EL SERMÓN DEL MONTE – Parte 7

La Justicia Mayor de un Espíritu Igualitario

Mateo 5:31-32

Estamos estudiando el Sermón del Monte, un diseño para la vida del discípulo, un boceto de lo que el cristiano debe ser.  Dios nos da el diseño de lo que debemos ser, y nosotros tenemos que tener la voluntad de adecuarnos a ese diseño, de ser como nuestro Dios quiere que seamos, de vivir como Cristo quiere que vivamos.

Unos estudios atrás comenzamos con una sección del Sermón dedicada a enseñar al discípulo una justicia mayor que la de los escribas y fariseos.  La frase principal de Jesús es: “Porque os digo que si vuestra justicia no fuere mayor que la de los escribas y fariseos, no entraréis en el reino de los cielos” (Mt 5:20).

Jesús requiere de sus discípulos una justicia mayor porque su justicia es mayor.  El no se pone a la altura de los maestros de su tiempo, él está por encima de todos ellos, él es mayor.  Ellos enseñaban la ley, él es el dador de la ley.  Ellos repetían la ley, él es el autor de la ley.  Ellos enseñaban como quien da lo que otro les dio primero, Jesús enseñaba con autoridad, con la autoridad que le da haber sido el autor de la ley.

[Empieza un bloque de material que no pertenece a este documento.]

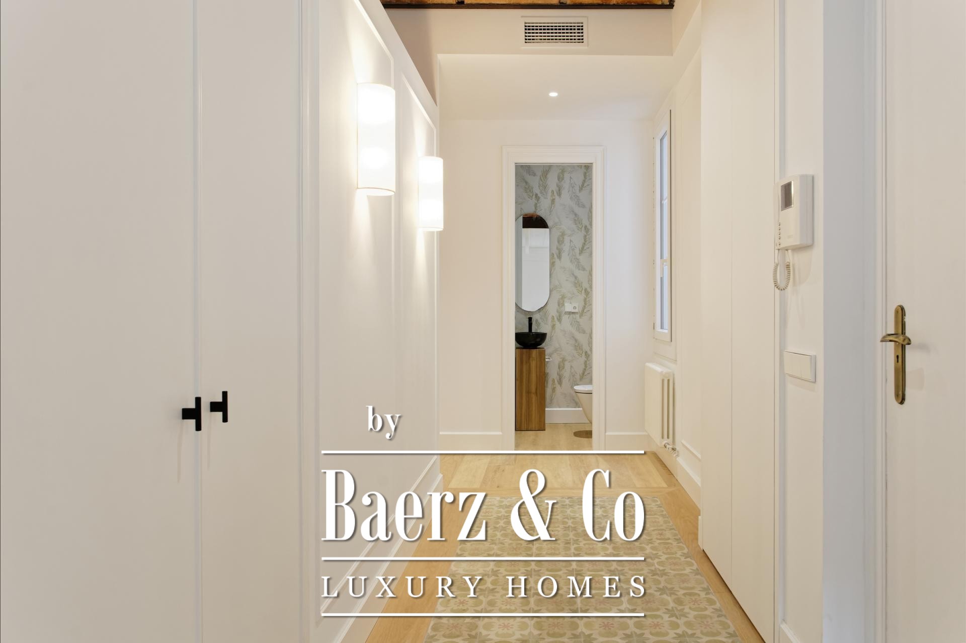 The living and dining spaces are shaped for both comfort and quiet hospitality, unfolding alongside a fully appointed kitchen and a separate laundry room. This carefully renovated apartment retains authentic elements while introducing contemporary finishes and access via elevator, creating an atmosphere of understated, historic Barcelona living.

El pone ante sus discípulos seis antítesis, seis contradicciones.  En la primera enseña contra el asesinato y la ira.  No es sólo malo matar, dice Jesús, igualmente malo es el enojarse, porque es de la ira del hombre de dónde sale el deseo de matar.  Las armas no matan, matan los hombres, mata la ira.  Pero el discípulo debe tener un espíritu reconciliatorio.  Cuando hay reconciliación no hay posibilidades de ira, ni de pelea, ni de muerte ajena ni propia.

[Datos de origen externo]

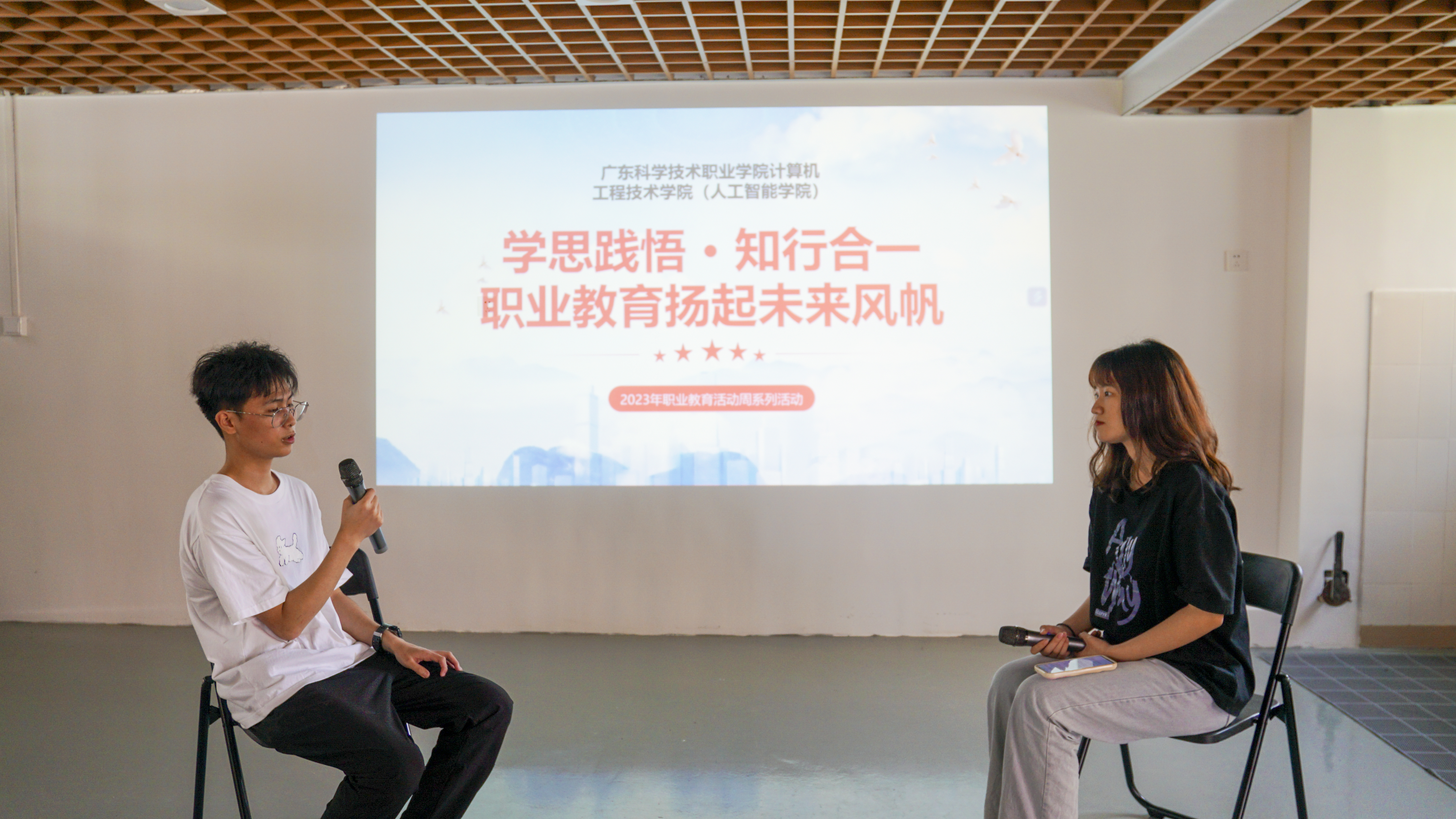本站讯 为学习贯彻习近平新时代中国特色社会主义思想主题教育,牢牢把握“学思想、强党性、重实践、建新功”总要求,大力弘扬劳动光荣、技能宝贵、创造伟大的时代风尚,5月19日,广东科学技术职业学院计算机工程技术学院(人工智能学院)职前工作室邀请2021届优秀校友滕福在华为苑“一站式”学生社区多功能会议室开展“学思践悟 知行合一”职业教育活动周系列活动之“职业教育扬起未来风帆”主题分享会。华为苑学生社区百余名师生参加了此次分享会。

El la segunda antítesis, que vimos el domingo pasado, Jesús enseña sobre el adulterio.  Está mal adulterar, dice Jesús, porque el que adultera tiene un espíritu sucio y mentiroso.  Pero el discípulo debe tener un espíritu puro y fiel, porque de esa manera no adulterará jamás, ni mentirá, ni se portará injustamente respecto de ninguna persona.

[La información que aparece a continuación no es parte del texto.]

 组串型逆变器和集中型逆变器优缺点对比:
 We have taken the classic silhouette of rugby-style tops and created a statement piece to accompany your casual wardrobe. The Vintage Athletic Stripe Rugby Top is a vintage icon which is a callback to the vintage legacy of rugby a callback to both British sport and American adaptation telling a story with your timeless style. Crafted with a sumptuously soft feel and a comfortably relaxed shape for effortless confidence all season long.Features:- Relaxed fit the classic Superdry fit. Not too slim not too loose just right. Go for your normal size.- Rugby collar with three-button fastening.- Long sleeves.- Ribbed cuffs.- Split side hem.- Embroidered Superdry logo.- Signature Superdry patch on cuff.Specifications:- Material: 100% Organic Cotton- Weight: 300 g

La tercera antítesis, que veremos hoy, está de alguna manera relacionada con la segunda, de modo que algunos la consideran una extensión, o la segunda parte de la anterior.  Sin embargo, la estructura nos hace ver que es una enseñanza aparte, y así debemos tratarla.

Leer Mateo 5:31-32.

Las seis antítesis de Jesús son ejemplificativas.  No tenemos que tomarlas como una nueva ley porque así no las podremos entender.  Es decir, si son la ley de Jesús, deben ser entendidas como decía el apóstol Santiago, como la “ley de la libertad”.  Si no lo entendemos así corremos el riesgo, como muchos han hecho, de convertir estos ejemplos de Jesús en un nuevo legalismo, mucho más duro y difícil de cumplir que el legalismo judío.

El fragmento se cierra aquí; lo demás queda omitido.